Congratulations to Desheng Zhang (PI) and Dimitris Metaxas (Co-PI) for having the project titled “S&AS: FND: COLLAB: Adaptable Vehicular Sensing and Control for Fleet-Oriented Systems in Smart Cities” awarded by the National Science Foundation (NSF). This a collaborative project with Prof. Fei Miao from the University of Connecticut with a total budget of $599,883.
In smart cities of the future, how to sense, understand, and manage urban-scale vehicular systems, e.g., taxis, in an autonomous fashion (with little or no human intervention) is an essential topic to improve urban mobility efficiency, such as shorter waiting time for passengers, lower cruising mileage for drivers, and higher revenues for vehicular system operators. However, the current management strategies for vehicular systems are mainly based on individual-level data knowledge, ignoring rich information from a fleet perspective. In this project, the investigators design and implement a fleet-oriented management strategy for vehicular systems, which utilizes real-time data from sensors installed in all vehicles to improve the overall performance of the vehicular system. In particular, the investigators aim to improve the taxi system performance by using onboard cameras to detect waiting passengers on streets and share this information with nearby vehicles and dispatch centers to pick up these passengers through a dispatching strategy. The research team will develop a clear understanding of how to design an adaptive autonomous vehicular sensing and dispatching strategy to improve urban mobility efficiency from a fleet-oriented perspective, with potential applications to future fully autonomous fleets. Such an understanding on vehicular sensing and dispatch will improve the quality of the every-day life such as more efficient commute for passengers, and lower energy uses for drivers, and finally improve the environment for the society by low vehicle mileage.
This research develops a fleet-oriented sensing and control framework to enable seamless integration of historical and real-time data within a fleet for adaptive vehicular sensing, modeling, and control.
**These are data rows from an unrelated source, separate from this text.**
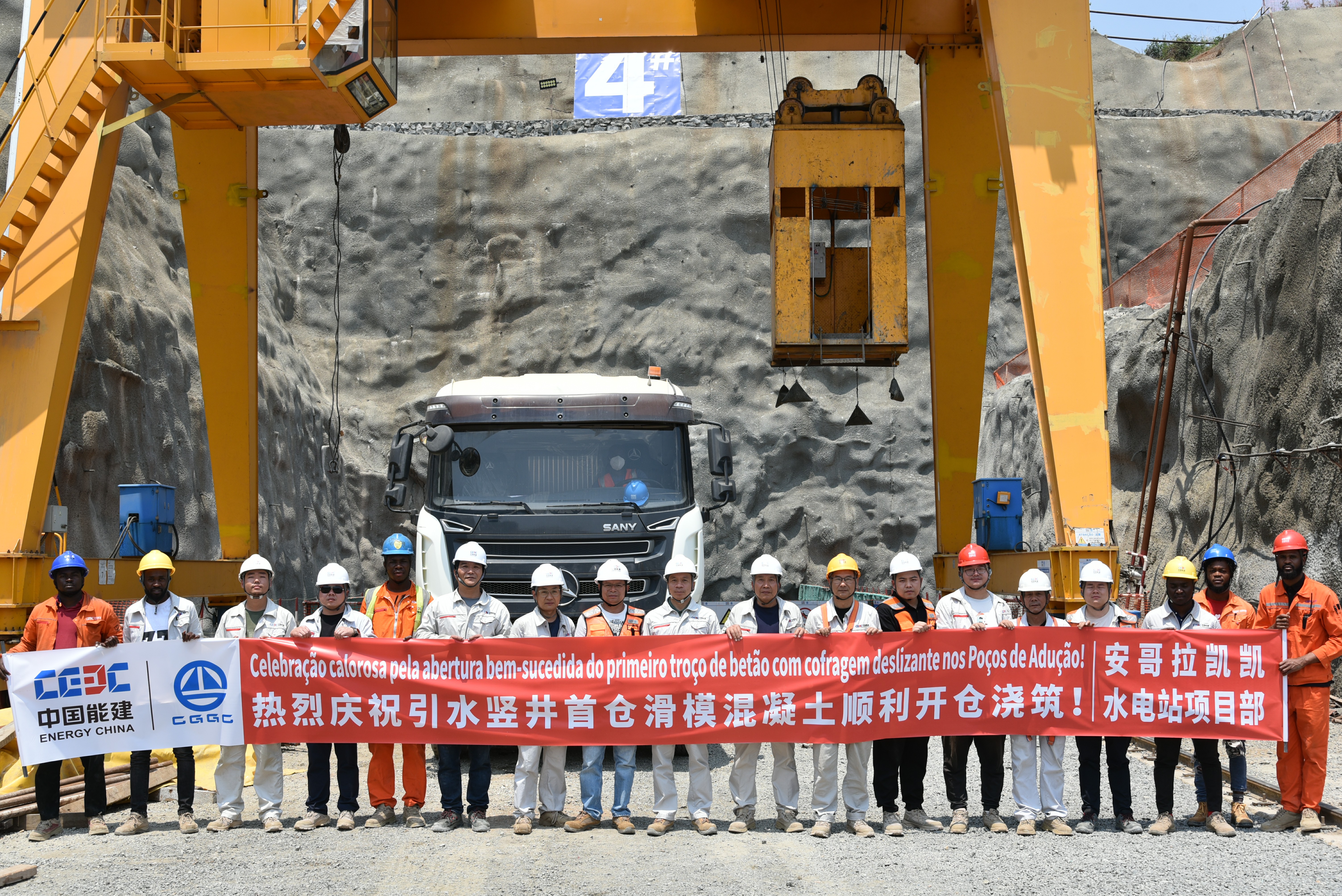 当地时间10月4日上午9时,随着第一车混凝土入仓,中国能建葛洲坝集团承建的安哥拉凯凯水电站4号引水竖井滑模首仓混凝土启动浇筑。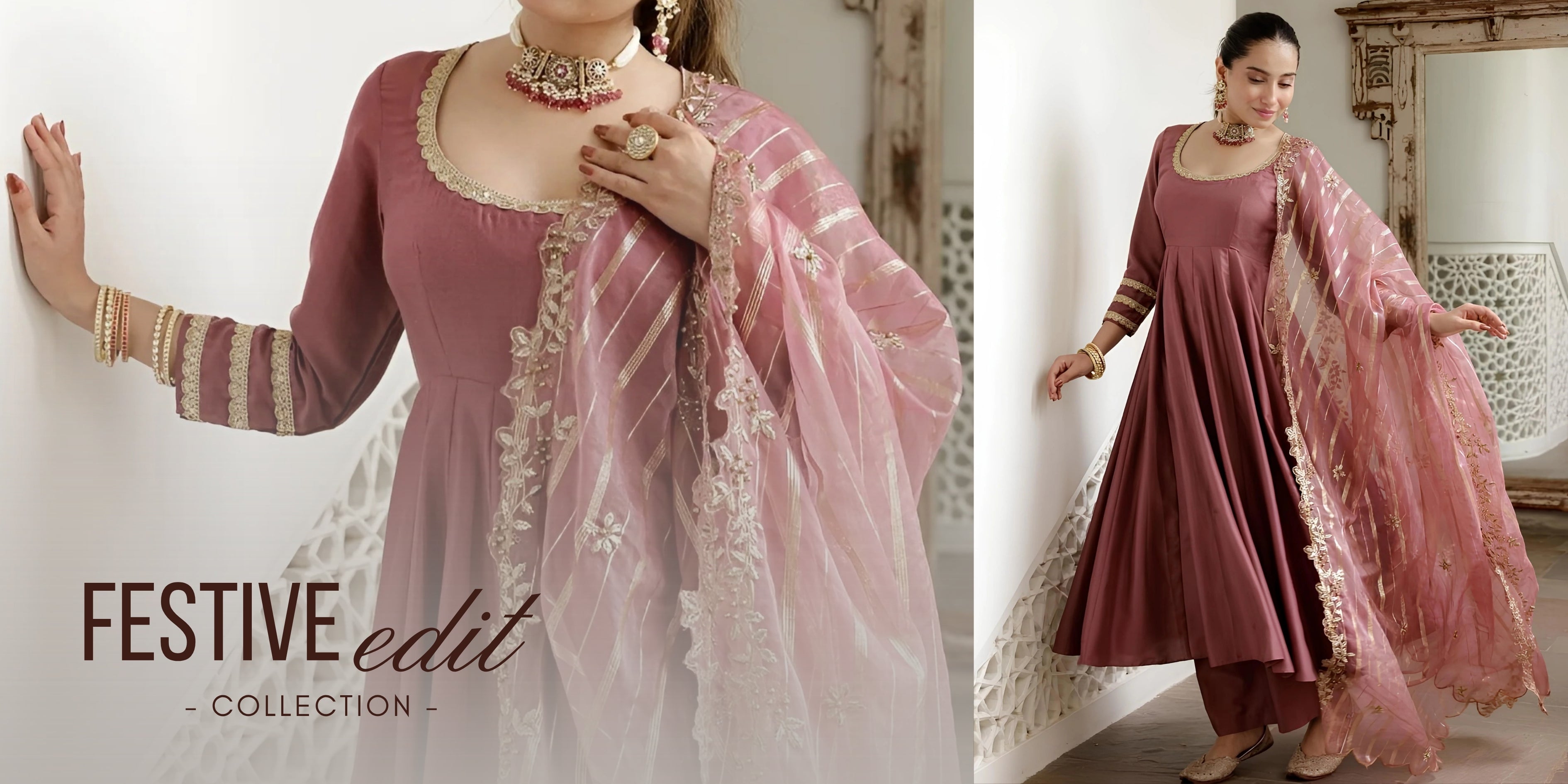 Aarohi Maroon Anarkali Suit Set with Zari & Sequins Work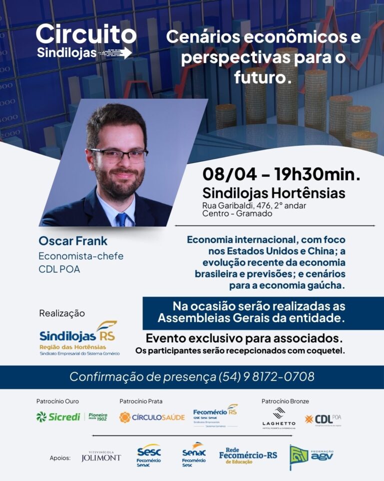 Na ocasião, também serão realizadas as Assembleias Gerais da entidade. Economia, liderança, turismo, inovação, área trabalhista e tributária, marketing e empreendedorismo feminino serão os temas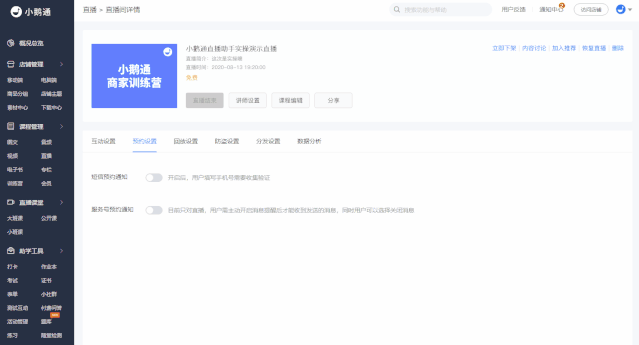 同时,商家更可以利用小鹅通直播的引导加群,开课提醒功能。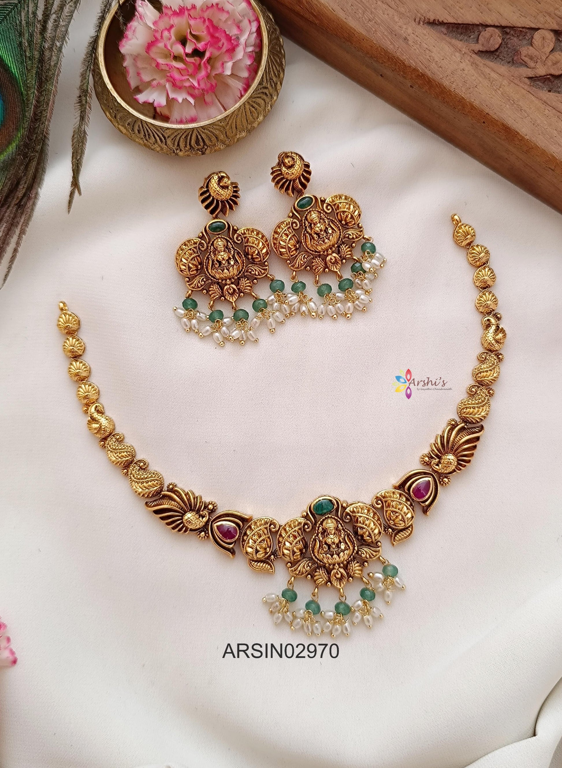 Antique Lakshmi Mango Necklace adorned with a radiant Lakshmi pendant and traditional mango motifs. Its rich antique finish and temple-inspired detailing make it ideal for silk sarees, weddings, and festive traditional looks.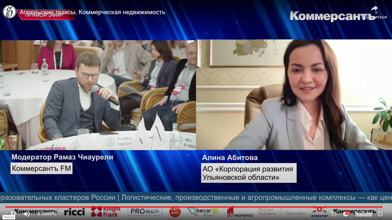 13 апреля состоялась конференция ИД «Коммерсантъ» «Апрельские тезисы. Коммерческая недвижимость». Заместитель генерального директора Корпорации развития Алина Абитова поделилась опытом Ульяновской области по созданию и адаптации объектов коммерческой недвижимости для размещения новых инвестиционных проектов.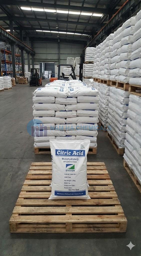 1kg/gói, 25kg/bao.Tổng kho Acid Citric Monohydrate (E330) nhập khẩu Weifang/Ensign. Bột chanh ngậm nước, chuyên dùng tạo vị chua cho nước giải khát, xử lý nước, tẩy rửa. Giá sỉ bao 25kg. Giao hàng toàn quốc.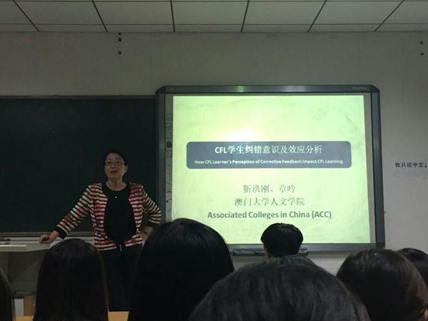 靳教授是语言学专家,研究领域包括第二语言习得、语言认知、课程设计、师资培训等,她曾获得卡内基全美优秀教授奖、汉明顿校际最佳教授奖、国家关键语种学会沃顿 (Walton)终身贡献奖,以表彰她的杰出成就。此次讲座主题为“CFL学生纠错意识及效应分析”,此次讲座包括发展背景、纠错反馈的条件、纠错技巧和纠错实证研究等几个部分。讲座对纠错反馈条件和纠错辨识度的特点进行了细致的解析。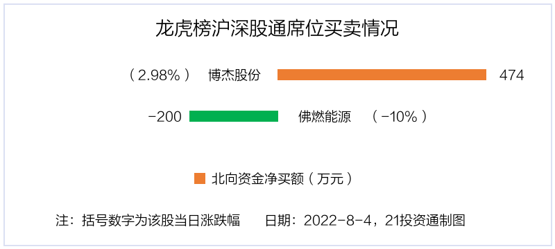8月4日,北向资金参与龙虎榜中的个股共有2只,合计净买入273.91万元。深股通净买入1股,为博杰股份(002975.SZ),净买入473.66万元,占总成交金额的1.86%;净卖出1股,为佛燃能源(002911.SZ),为199.76万元,占总成交金额的0.78%,当日收盘下跌10%,换手率为1.84%。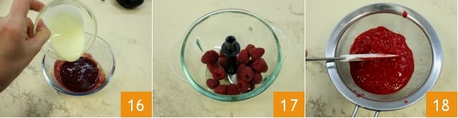 Verted 40 g de leche condensada en la salsa 16 y mezclad para amalgamar el compuesto. Proceded del mismo modo con las frambuesas: trituradlas en la batidora 17, pasad el compuesto por el tamiz 18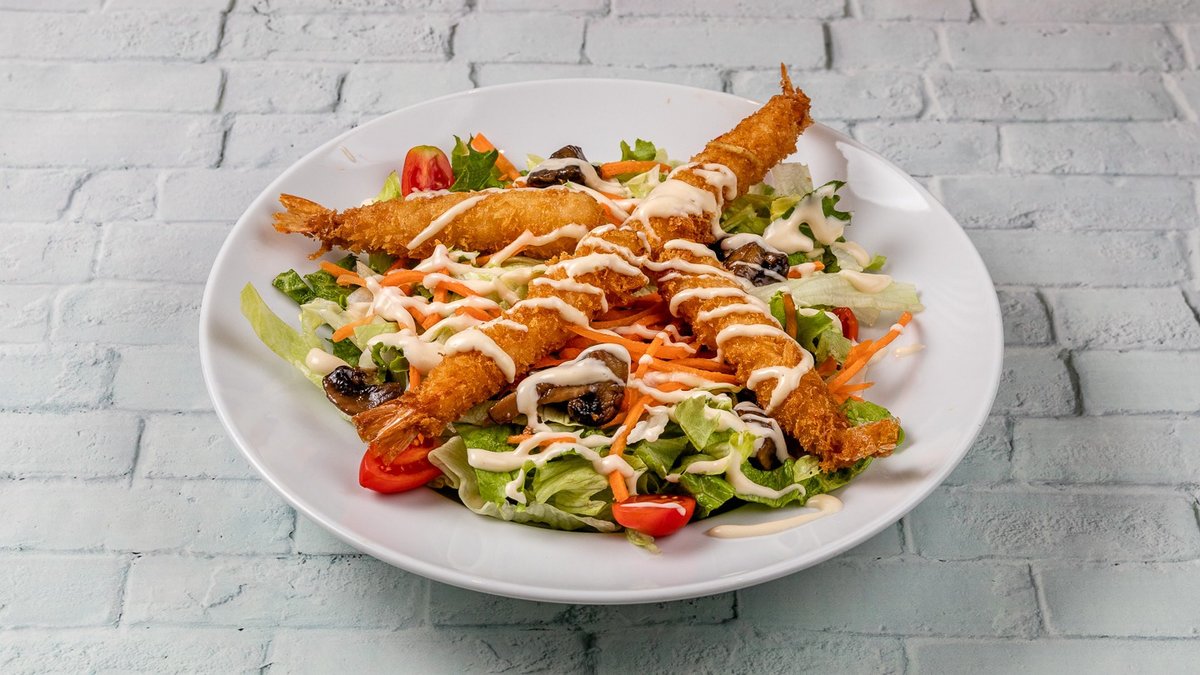 Με γαρίδες πανέ, μαρούλι, λάχανο, καρότο φρέσκα, μανιτάρια τοματάκια, ελαιόλαδο και βαλσάμικο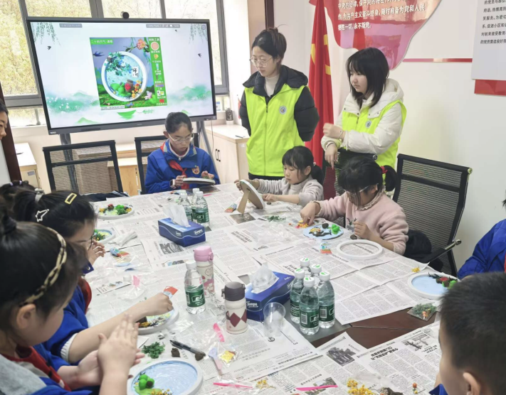 科普结束后,手工创作环节正式拉开帷幕。志愿者们提前准备好圆盘画纸、黏土、彩笔等材料,耐心向孩子们讲解创作技巧。孩子们化身“小小艺术家”,充分发挥想象力与创造力,在画纸上尽情挥洒灵感:用黏土捏出嫩绿的柳枝、娇艳的春花,用彩笔勾勒出清明踏青的温馨场景,将对春天的喜爱、对传统的理解,都凝注在指尖的每一次按压、每一笔描绘中。志愿者们全程俯身陪伴,一对一耐心指导,及时帮助孩子们化解创作难题,鼓励孩子们大胆表达创意,让每一份童真与热爱都能自由绽放。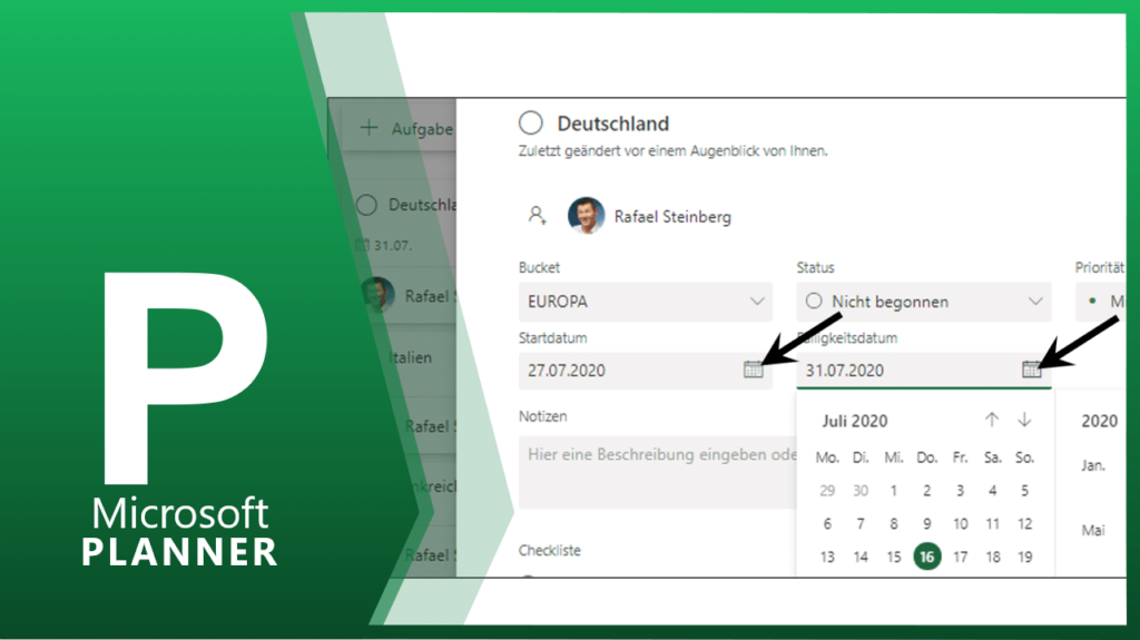Ihre Start- und. Endtermine geben Sie über die Schaltflächen Start- bzw. Fälligkeitsdatum ein.

Specifically, this project studies how to best use spatiotemporally-correlated contextual information (e.g., vehicular mobility, service demand, disruptive events) among vehicles. Although such correlations decay over time and distance, it is possible to enable autonomous vehicular sensing, modeling, and control adaptively based on the following research to develop novel services: (i) reconfigurable fleet-wide coordinated sensing by autonomously learning correlated vehicular interactions; (ii) models of mobility phenomena by collectively interpreting implicit data from different vehicles with a combination of deep learning, structured learning, and attribute-based learning; (iii) designs of robust dispatching strategies with uncertainty sets and receding horizon control frameworks by iteratively considering fleet-wide knowledge to improve mobility efficiency.